Mit dem Umzug nach Berlin im Jahr 1974 veränderten sich seine Urlaubsbedürfnisse: An die Stelle der Suche nach Distanz zu den mitteleuropäischen Selbstverständlichkeiten (deshalb zwischen 1969 und 1974 längere Reisen nach Israel, in die Türkei, auf den Balkan und im Mittelmeerraum) trat jetzt die Suche nach Distanz zur hektischen Großstadt Berlin. In dieser Situation wurde die Erinnerung an die Alpen – die er zwischen 1964 und 1967 in Gsteig/Berner Oberland kennen gelernt hatte – wieder wach. Deshalb fuhr er im Sommer 1976 von Berlin in die Alpen, ins Ötztal, was aber gar nicht seinen Erwartungen entsprach. 1977 war er dann das erste Mal in den südpiemontesischen Alpen, die ihn sofort so stark faszinierten, dass er 1978 eine Zeit der Arbeitslosigkeit nutzte, um drei Monate lang durch die gesamten Südwestalpen – von Menton an der Riviera bis nach Aosta – zu wandern.
Seit dieser Zeit wurden ihm die Alpen immer wichtiger: Zuerst standen sie im Mittelpunkt seiner Urlaubszeiten, 1981-1982 nahm er eine selbständige Tätigkeit für die „Nordhessische Fachwerkhausbörse“ in einem Architekturbüro im Kontext des Denkmalschutzes an, um mehr Zeit für die Alpen zu haben, und von 1983 bis 1987 studierte er Geographie an der Technischen Universität Berlin, um sein Alpeninteresse fachlich zu vertiefen und eine Berufstätigkeit im Alpenbereich vorzubereiten. In dieser Zeit erschien 1984 die erste Fassung seines Alpen-Buches, mit dem er überregional bekannt wurde.

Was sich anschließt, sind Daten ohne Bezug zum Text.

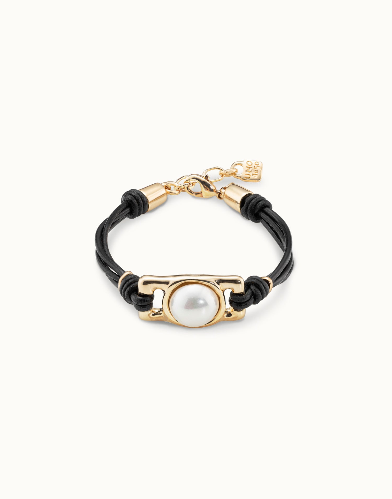 This brown leather bracelet by UNOde50 is a rustic and elegant piece that combines natural texture with a modern design. The brown leather band provides an earthy, organic feel, while the central rectangular white bead and pearl create a sophisticated contrast. This bracelet symbolizes a harmonious blend of rugged and refined aesthetics. It's a versatile and personal accessory, perfect for adding a touch of bohemian luxury to an everyday outfit or as a meaningful gift for a loved one.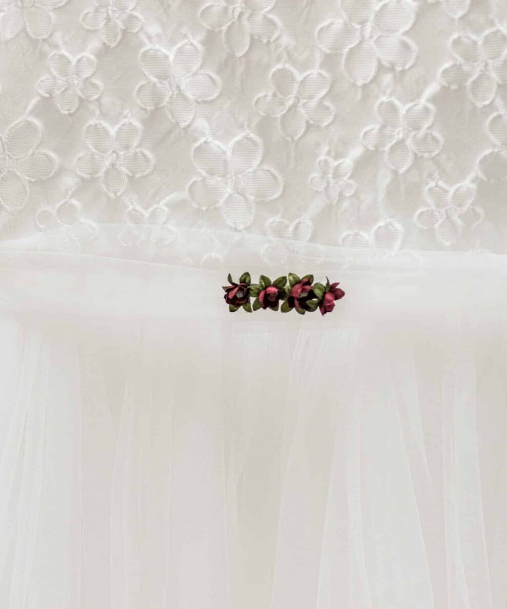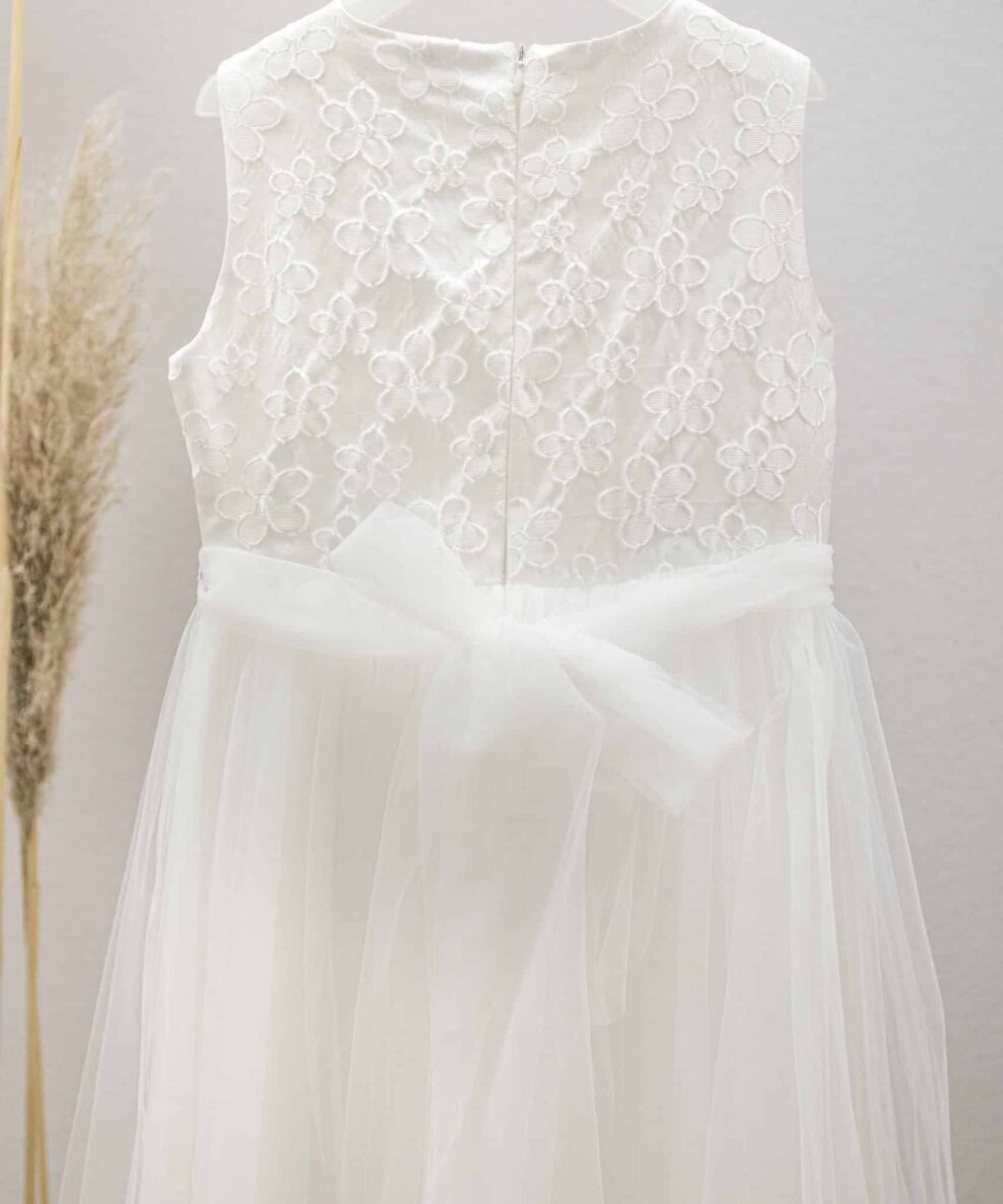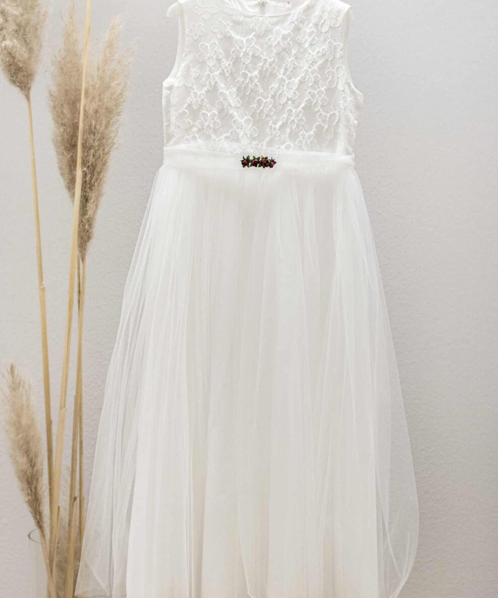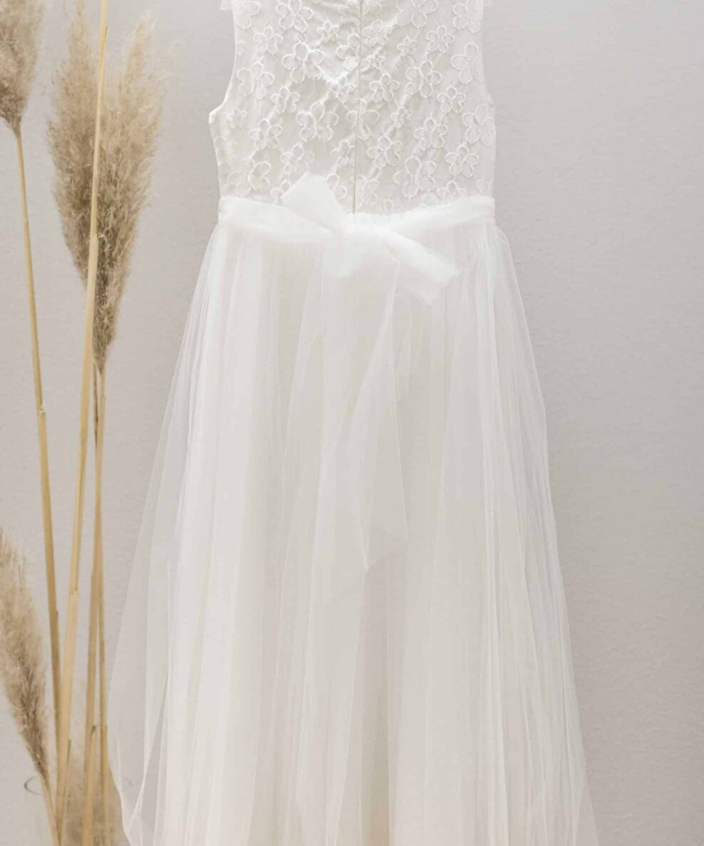 Unser Kommunionkleid „Jasmin“ ist ein langes Kommunionskleid mit floraler Spitze im Oberteil und einem langen Tüllrock.
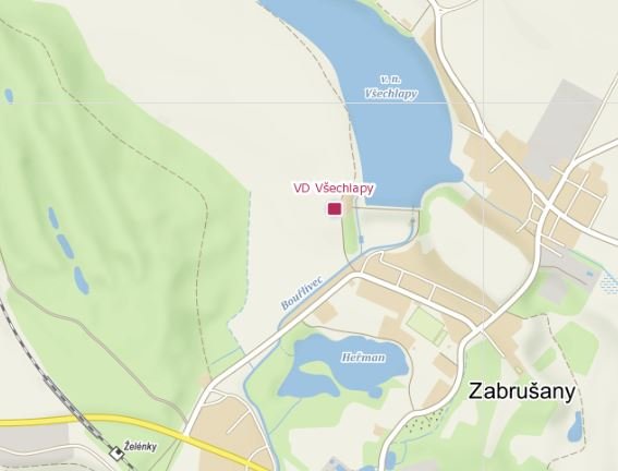Srážkoměrná stanice je součástí monitoringu VD Všechlapy v obci Zabrušany. Stanice je umístěna v blízkosti hráze vodní nádrže SZ od intravilánu Zabrušan. Provozovatelem srážkoměru je Povodí Ohře, státní podnik.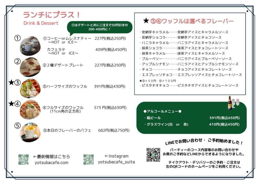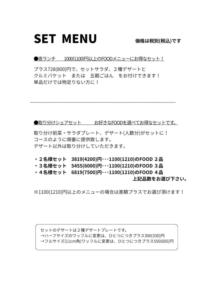 カフェメニューはこちら↓(基本的にドリンクとデザートのセットになります)
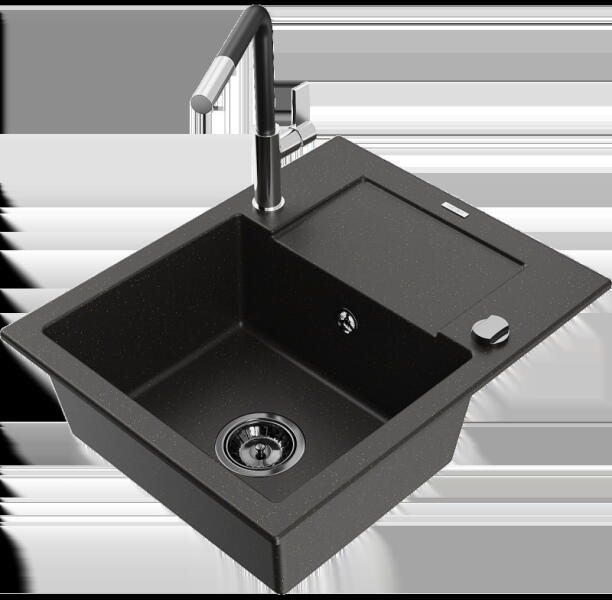 Leo konyhai mosogató: Gyártó: Mexen Sorozat: Leo Modell: 1-kamrás s csepegtetővel Hossza 900 mm Szélesség 500 mm Magasság: 190 mm Kamra mélysége: 180 mm Kamra mérete: 430x415 mm Alkalmas 500 mm-es szekrényekhez Szifon + automatikus leeresztő csavar Anyaga: gránit (80% gránit - kő, 20% gyanta) Sima felület a könnyű karbantartás érdekében: igen Megnövelt ellenállás az ütés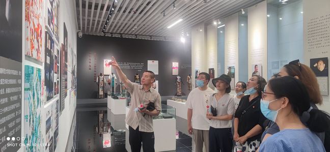 美术学院副院长王松作为“36位设计师展现新疆文化形象特展”的设计师之一,在参观过程中现场教学,为全体党员讲解其参展作品的设计理念和精神内涵,作品把对新疆的独到理解加以情感化、智慧化,用娴熟的当代设计语言勾勒、点染、穿插、浓墨重彩,赋予了大美新疆新的生命力和时代气息。

1988 holte ihn Prof. Paul Messerli an das Geographische Institut der Universität Bern (Schweiz), wo er in kurzer Zeit promovierte (1989) und habilitierte (1993) und von wo aus er zahlreiche, teilweise viel beachtete öffentliche Beiträge zur Alpendiskussion leistete.
Im Jahr 1995 erhielt er einen Ruf an die Universität Erlangen-Nürnberg, wo er seitdem als Professor für Kulturgeographie tätig ist. Nach wie vor stehen die Alpen im Zentrum seines wissenschaftlichen, politischen und persönlichen Engagements, wobei besonders die Jahre 2005 und 2006 mit der italienischen und französischen Ausgabe seines Alpen-Buches und mehreren Preisen in Italien und der Schweiz eine große internationale Anerkennung brachte. Seit dem Wechsel nach Erlangen beschäftigt sich Werner Bätzing neben den Alpen auch mit den ländlichen Räumen in der Metropolregion Nürnberg und hier besonders mit dem neuen Phänomen der Regionalprodukte und ihrer wirtschaftlichen, kulturellen und politischen Aufwertung.